Implementation is compatible with and have been tested against TF >= 2.2 and Python >= 3.6, and works cross-platform (Ubuntu, Windows, macOS).

Install

Stable release:

pip install https://github.com/andreped/GradientAccumulator/releases/download/v0.1.2/GradientAccumulator-0.1.2-py3-none-any.whl

Or from source:

pip install git+https://github.com/andreped/GradientAccumulator

Usage

from GradientAccumulator.GAModelWrapper import GAModelWrapper
from tensorflow.keras.models import Model

model = Model(...)
model = GAModelWrapper(n_gradients=4, inputs=model.input, outputs=model.output)
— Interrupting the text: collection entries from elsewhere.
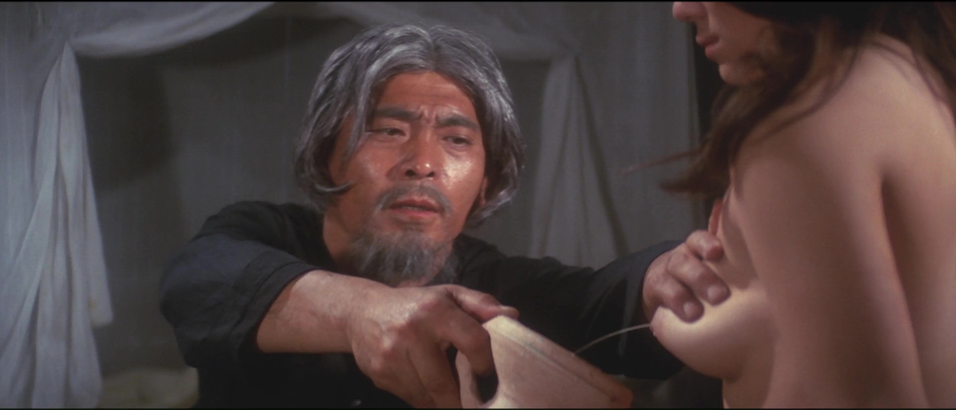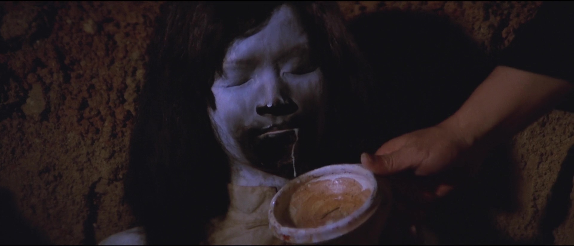 Et même sans les éléments cités, Black Magic a quelques atouts pour lui. Un charme dans sa mise en scène et sa photographie, typiques des années 70 et donc avec un charme indéniable, une certaine classe qui n’existe plus de nos jours. L’histoire ? Simple comme souvent, une veuve jette son dévolu sur Xu Nuo, un ouvrier. Pourquoi lui alors que tous les hommes veulent la jeune femme et que lui n’est qu’ouvrier ? Mystère et boule de gommes. Sans doute car Xu Nuo est le seul homme qui lui résiste, et que forcément, un peu de résistance, ça attire. Sauf que notre vaillant héros, il est en plus sur le point de se marier, et ne compte donc absolument pas céder aux charmes de la jeune femme. Qui ne compte pas lâcher l’affaire, loin de là. Du coup, la seule méthode qui lui viendra à l’esprit après avoir été elle-même victime d’un sort : utiliser la magie noire pour que Xu Nuo ne veule qu’elle, pendant une durée d’un an. Bon, niveau timing, elle s’y prend un peu mal, puisque le fameux sort deviendra effectif après le mariage de notre héros. Donc, un amour à sens unique, de la magie noire, un sorcier qui n’hésite pas à tuer et qui a un amour certain pour le lait maternel à tel point que je vais finir par croire que pour Visitor Q et Gozu, Miike s’est inspiré de ces films là, tout est réunis pour un film d’horreur sympathique à une époque où Hong Kong n’était pas forcément réputé pour ce genre de films, l’époque de la Cat III n’étant pas encore là. Seulement on ne va pas se mentir, ce premier Black Magic échoue dans pas mal de domaines et reste une œuvre finalement mineure, un petit film horrifique qui se regarde, n’est pas désagréable, mais ne parvient jamais à marquer les esprits.
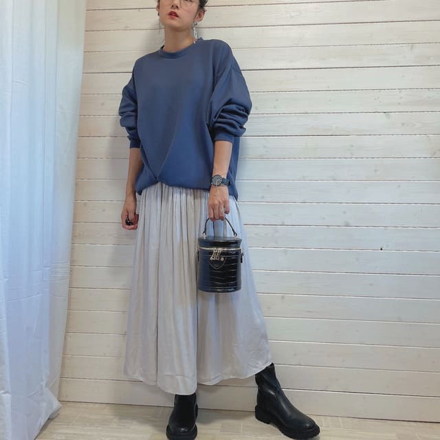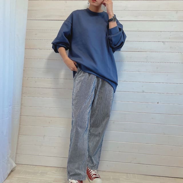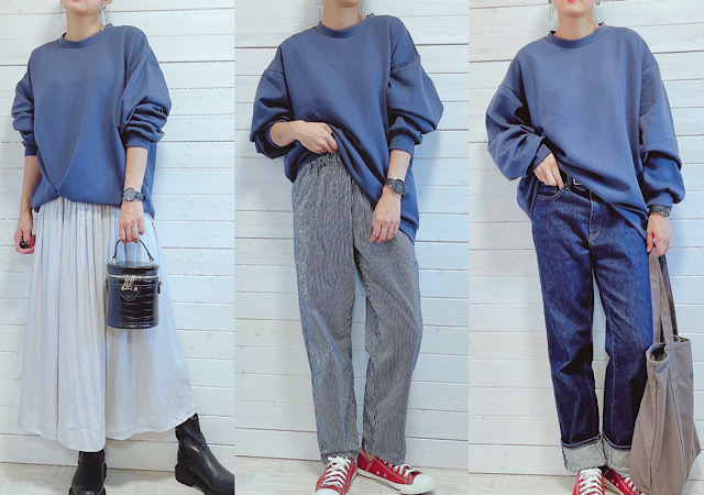 パンツと合わせたいときは、スウェットのカラーと同色を選ぶのがおすすめ!
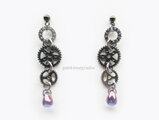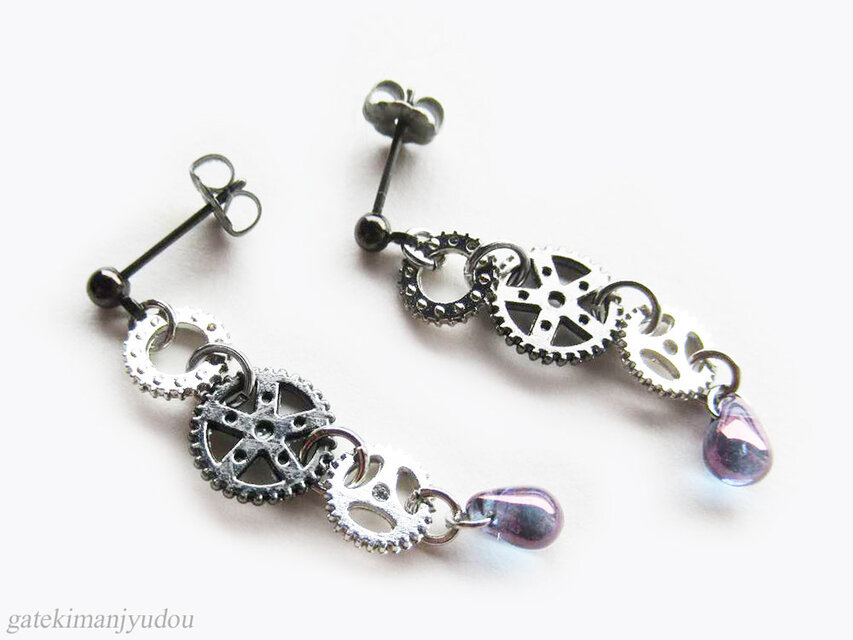 シルバーと黒ニッケルの歯車が交互に連なった下にラスターアメジスト色の雫型チェコビーズが揺れるピアスです。

Then simply use the model as you normally would!

Mixed precision

There has also been added experimental support for mixed precision:

from tensorflow.keras import mixed_precision

mixed_precision.set_global_policy('mixed_float16')
model = GAModelWrapper(n_gradients=4, mixed_precision=True, inputs=model.input, outputs=model.output)

Disclaimer

In theory, one should be able to get identical results for batch training and using gradient accumulation. However, in practice, one may observe a slight difference. One of the cause may be when operations are used (or layers/optimizer/etc) that update for each step, such as Batch Normalization. It is not recommended to use BN with GA, as BN would update too frequently. However, you could try to adjust the momentum of BN (see here).

It was also observed a small difference when using adaptive optimizers, which I believe might be due to how frequently they are updated. Nonetheless, for the optimizers, the difference was quite small, and one may approximate batch training quite well using our GA implementation, as rigorously tested here).

TODOs:

  • Add generic wrapper class for adding accumulated gradients to any optimizer
  • Add CI to build wheel and test that it works across different python versions, TF versions, and operating systems.
  • Add benchmarks to verfiy that accumulated gradients actually work as intended
  • Add class_weight support
  • GAModelWrapper gets expected identical results to batch training!
  • Test method for memory leaks
  • Add multi-input/-output architecture support
  • Add mixed precision support
  • Add wrapper class for BatchNormalization layer, similar as done for optimizers
  • Add proper multi-GPU support

Acknowledgements

This implementation is based on the implementation presented in this thread on stack overflow.

This repository serves as an open solution for everyone to use, until TF/Keras integrates a proper solution into their framework(s).

Troubleshooting

Overloading of train_step method of tf.keras.Model was introduced in TF 2.2, hence, this code is compatible with TF >= 2.2.

Also, note that TF depends on different python versions. If you are having problems getting TF working, try a different TF version or python version.

For TF 1, I suggest using the AccumOptimizer implementation in the H2G-Net repository instead, which wraps the optimizer instead of overloading the train_step of the Model itself (new feature in TF2).